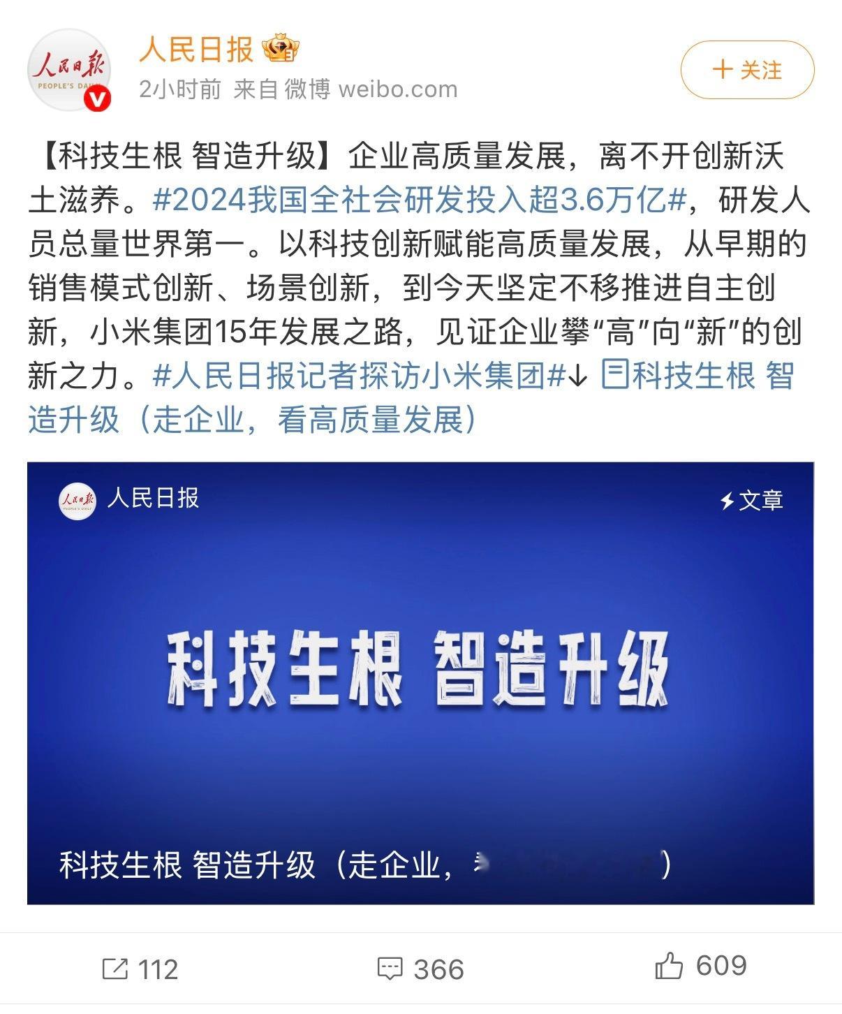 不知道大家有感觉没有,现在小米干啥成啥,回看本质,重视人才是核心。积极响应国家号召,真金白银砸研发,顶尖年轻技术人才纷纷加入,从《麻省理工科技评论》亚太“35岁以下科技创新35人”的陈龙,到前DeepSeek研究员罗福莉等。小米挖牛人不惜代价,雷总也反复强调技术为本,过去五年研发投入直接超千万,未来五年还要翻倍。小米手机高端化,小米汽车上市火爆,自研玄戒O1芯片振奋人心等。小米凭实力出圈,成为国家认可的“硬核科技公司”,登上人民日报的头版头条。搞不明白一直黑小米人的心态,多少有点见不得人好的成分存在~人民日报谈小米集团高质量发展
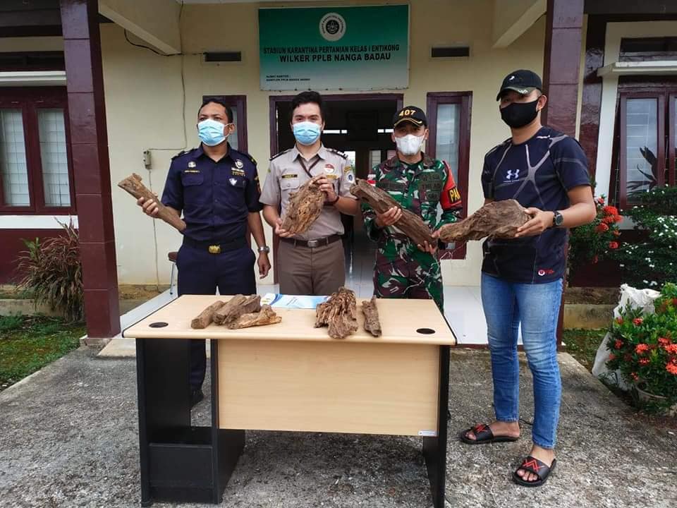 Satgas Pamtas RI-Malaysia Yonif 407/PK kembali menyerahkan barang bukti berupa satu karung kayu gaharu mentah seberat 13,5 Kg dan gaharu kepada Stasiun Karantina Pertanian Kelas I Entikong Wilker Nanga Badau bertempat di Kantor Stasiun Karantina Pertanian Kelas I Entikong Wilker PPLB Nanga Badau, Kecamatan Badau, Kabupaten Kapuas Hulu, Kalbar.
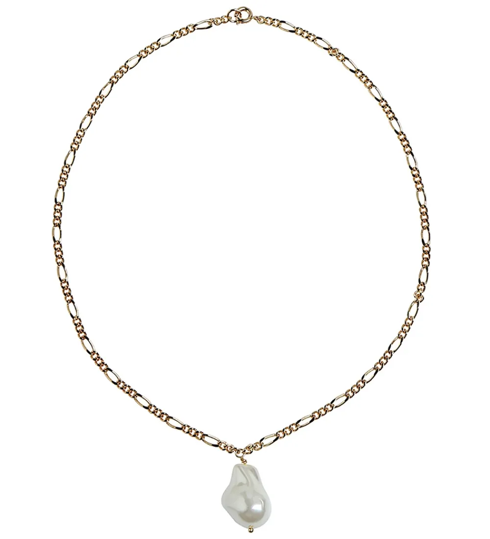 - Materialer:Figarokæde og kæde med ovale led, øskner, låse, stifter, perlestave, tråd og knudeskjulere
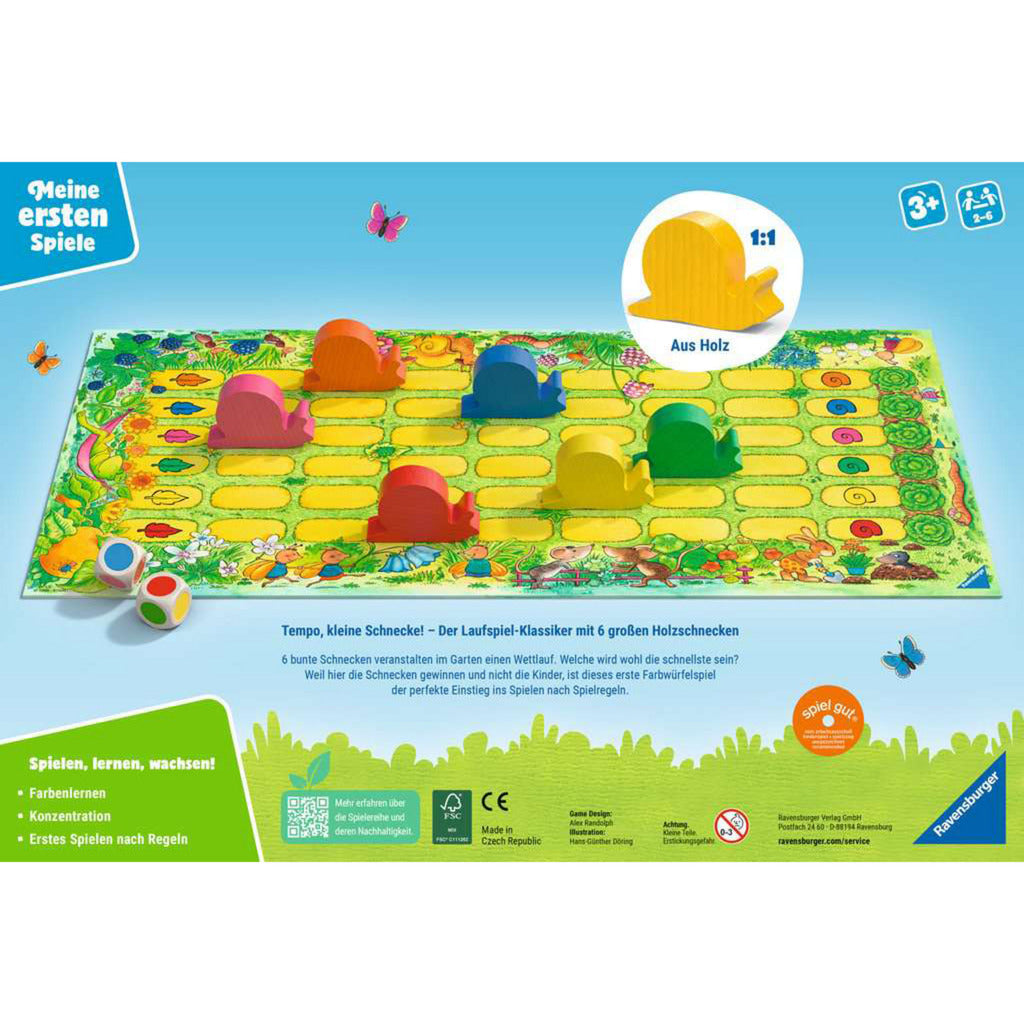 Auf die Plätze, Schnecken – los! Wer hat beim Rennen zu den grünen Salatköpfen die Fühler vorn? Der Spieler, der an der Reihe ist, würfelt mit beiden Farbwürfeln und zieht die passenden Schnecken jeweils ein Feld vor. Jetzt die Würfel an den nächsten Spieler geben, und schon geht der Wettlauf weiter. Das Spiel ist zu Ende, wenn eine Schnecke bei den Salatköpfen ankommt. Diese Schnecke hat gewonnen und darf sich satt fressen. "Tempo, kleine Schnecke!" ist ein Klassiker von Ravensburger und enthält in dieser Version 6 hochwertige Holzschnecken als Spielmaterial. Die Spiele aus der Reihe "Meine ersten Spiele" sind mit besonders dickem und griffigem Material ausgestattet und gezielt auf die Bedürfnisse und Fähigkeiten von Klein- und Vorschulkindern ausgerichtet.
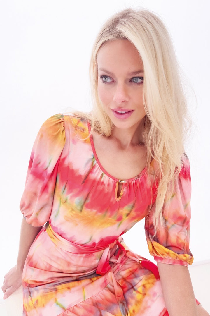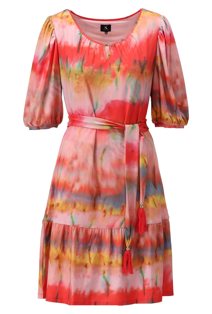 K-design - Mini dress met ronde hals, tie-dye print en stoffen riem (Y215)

☆ ☆ ☆

Problem requirements —
The material should be duplicated word for word, with no images included.

Result of the task —
 不知道大家有感觉没有,现在小米干啥成啥,回看本质,重视人才是核心。积极响应国家号召,真金白银砸研发,顶尖年轻技术人才纷纷加入,从《麻省理工科技评论》亚太“35岁以下科技创新35人”的陈龙,到前DeepSeek研究员罗福莉等。小米挖牛人不惜代价,雷总也反复强调技术为本,过去五年研发投入直接超千万,未来五年还要翻倍。小米手机高端化,小米汽车上市火爆,自研玄戒O1芯片振奋人心等。小米凭实力出圈,成为国家认可的“硬核科技公司”,登上人民日报的头版头条。搞不明白一直黑小米人的心态,多少有点见不得人好的成分存在~人民日报谈小米集团高质量发展
 Satgas Pamtas RI-Malaysia Yonif 407/PK kembali menyerahkan barang bukti berupa satu karung kayu gaharu mentah seberat 13,5 Kg dan gaharu kepada Stasiun Karantina Pertanian Kelas I Entikong Wilker Nanga Badau bertempat di Kantor Stasiun Karantina Pertanian Kelas I Entikong Wilker PPLB Nanga Badau, Kecamatan Badau, Kabupaten Kapuas Hulu, Kalbar.
 - Materialer:Figarokæde og kæde med ovale led, øskner, låse, stifter, perlestave, tråd og knudeskjulere
 Auf die Plätze, Schnecken – los! Wer hat beim Rennen zu den grünen Salatköpfen die Fühler vorn? Der Spieler, der an der Reihe ist, würfelt mit beiden Farbwürfeln und zieht die passenden Schnecken jeweils ein Feld vor. Jetzt die Würfel an den nächsten Spieler geben, und schon geht der Wettlauf weiter. Das Spiel ist zu Ende, wenn eine Schnecke bei den Salatköpfen ankommt. Diese Schnecke hat gewonnen und darf sich satt fressen. "Tempo, kleine Schnecke!" ist ein Klassiker von Ravensburger und enthält in dieser Version 6 hochwertige Holzschnecken als Spielmaterial. Die Spiele aus der Reihe "Meine ersten Spiele" sind mit besonders dickem und griffigem Material ausgestattet und gezielt auf die Bedürfnisse und Fähigkeiten von Klein- und Vorschulkindern ausgerichtet.
 K-design - Mini dress met ronde hals, tie-dye print en stoffen riem (Y215)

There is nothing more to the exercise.